Fantasy players should avoid hasty decisions. Baseball slumps and food truck service improve with the weather. But for those owners determined to make a move, here are our latest trade thoughts:

Buy

? Evan Gattis, Atlanta Braves: Atlanta's interim catcher has a heartwarming story (he made it to the majors after working as a janitor) and a growing group of supporters who dress in polar bear costumes to pay tribute to his "El Oso Blanco" moniker. But beyond that, Gattis has shown enough pop to force the Braves to keep him in the lineup even if Brian McCann returns (and more than a few reports suggest McCann may be out much of this season).

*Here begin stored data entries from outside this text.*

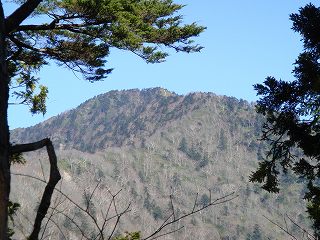 _(林床に密生するアスナロの若木)_________(ここから見えた山頂)
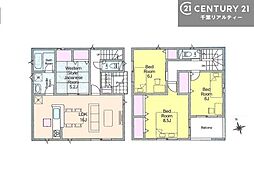 | 間取り | 3LDK(床下収納・ウォークインクローゼット) 間取り内訳:リビングダイニングキッチン 17.6帖(1階)・洋室 7帖(2階)・洋室 6.5帖(2階)・洋室 6帖(2階) |
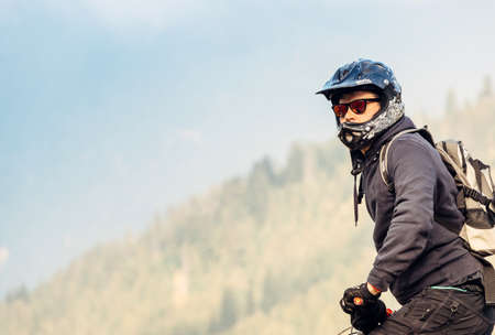 Mountain bike rider in sport equipment and helmet riding on rugged trails
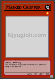 Masked Chopper EARTH / Fiend / Level 1 / ATK 100 / DEF 100 If this card destroys an opponent's monster by battle, inflict 2000 damage to your opponent. SUPER RARE |
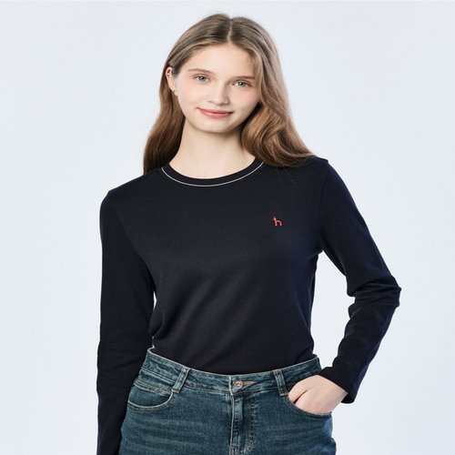 헤지스 여성 [스테디셀러][면100]네이비 에센셜 니트라이크 긴소매 티셔츠 (WSTS5AC15N2)
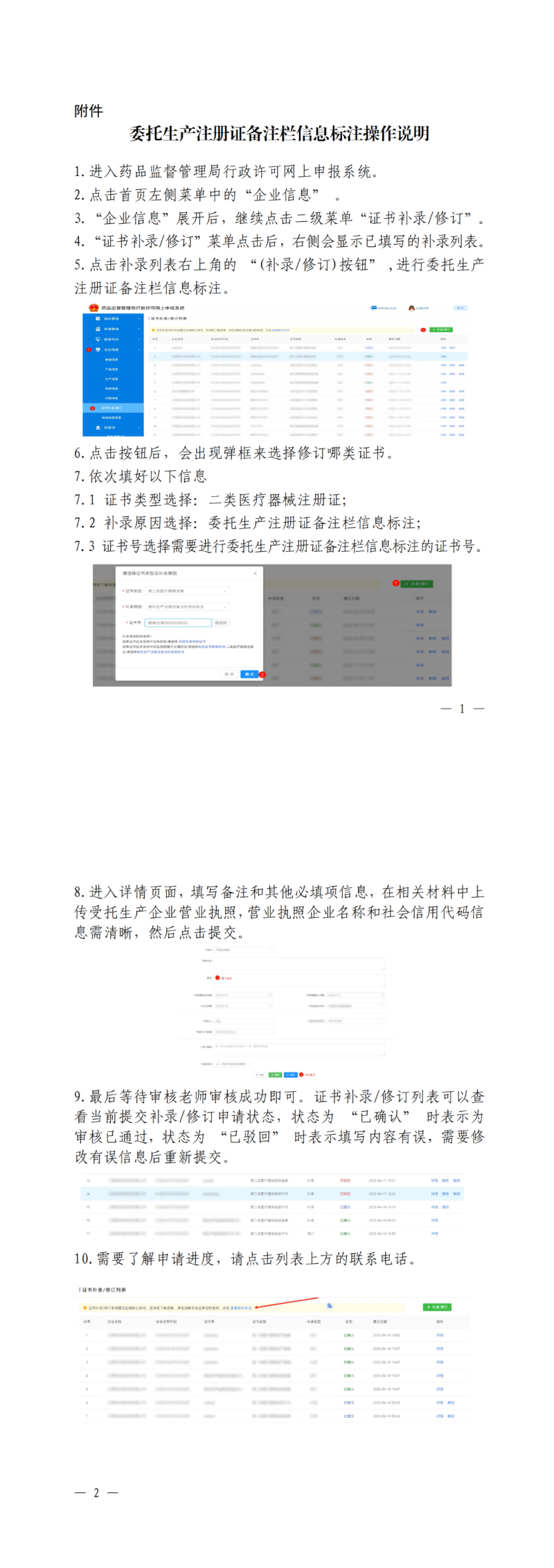 一、自2024年6月1日起,涉及境內(nèi)委托生產(chǎn)的注冊申請或者延續(xù)注冊申請,省局將在醫(yī)療器械注冊證生產(chǎn)地址欄中登載受托生產(chǎn)地址并注明“(委托生產(chǎn))”,同時在備注欄備注受托生產(chǎn)企業(yè)名稱和統(tǒng)一社會信用代碼,備注形式為“受托生產(chǎn)企業(yè):XXXX公司;統(tǒng)一社會信用代碼:XXXX”。變更注冊涉及注冊人委托生產(chǎn)的,也將在變更注冊文件中按照上述方式注明委托生產(chǎn)相關(guān)信息,并將變更信息在注冊證書生產(chǎn)地址和備注相應(yīng)字段中更新。 二、僅受托生產(chǎn)企業(yè)名稱文字性變化的,無需申請變更備案,在延續(xù)注冊時,核發(fā)修改后的注冊證。 三、對省內(nèi)已核發(fā)的涉及境內(nèi)委托生產(chǎn)的注冊證,若未按照上述要求標注相關(guān)信息,注冊人可按照附件操作說明申請標注,相關(guān)工作應(yīng)在8月31日前完成。 四、注冊人不再進行委托生產(chǎn)的,應(yīng)當及時向省局核減受托生產(chǎn)地址;受托生產(chǎn)企業(yè)應(yīng)當及時向所在地省級藥品監(jiān)督管理部門報告有關(guān)情況。 五、注冊人在申請標注過程中存在疑問的,可與省局相關(guān)部門聯(lián)系。醫(yī)療器械注冊管理處,0791-88158031;系統(tǒng)運維工程師,0791-88125223(吳工)、0791-86507350(涂工)。

With eligibility already set at catcher and soon to be at first base, it's hard to imagine that, with a .942 OPS, six homers and 13 RBI in his first 16 games, he can't help most fantasy teams.

? Brett Lawrie, Toronto Blue Jays: Look, even I could probably hit .138 if I were 23 years old and hadn't convinced myself that eating a dozen doughnuts in a half-hour was a good way to win money from people. Lawrie is an elite athlete with the ability to hit for power and average and steal bases, but he's gotten off to a slow start after missing most of spring training and the first part of the season. If the Lawrie owner in your league is worried, target him. Try sweetening the pot with a middling third baseman of your own and nab Lawrie before he turbo-charges the Blue Jays.

Sell

? Giancarlo Stanton, Miami Marlins: A hitter this talented can't help but improve from a dismal start, but the ceiling is low in Miami. The vibe is anything but cool with the Marlins, and the lineup is worse. Teams continue to pitch around Stanton in order to go after his less gifted teammates. There's something very Hanley Ramirez-like about Stanton's situation. Though younger than Ramirez was when he soured on the Marlins, Stanton wasn't happy about the Marlins' offseason fire sale and can't be happy about toiling away for the worst team in the majors. Stanton is only 23, so Miami isn't likely to deal him, but he is likely to pout his way to a poor season. His power potential and name still carry plenty of value in fantasy, and if an owner can deal him for a solid hitter and middle-of-the-rotation starter, the return should be worth the price.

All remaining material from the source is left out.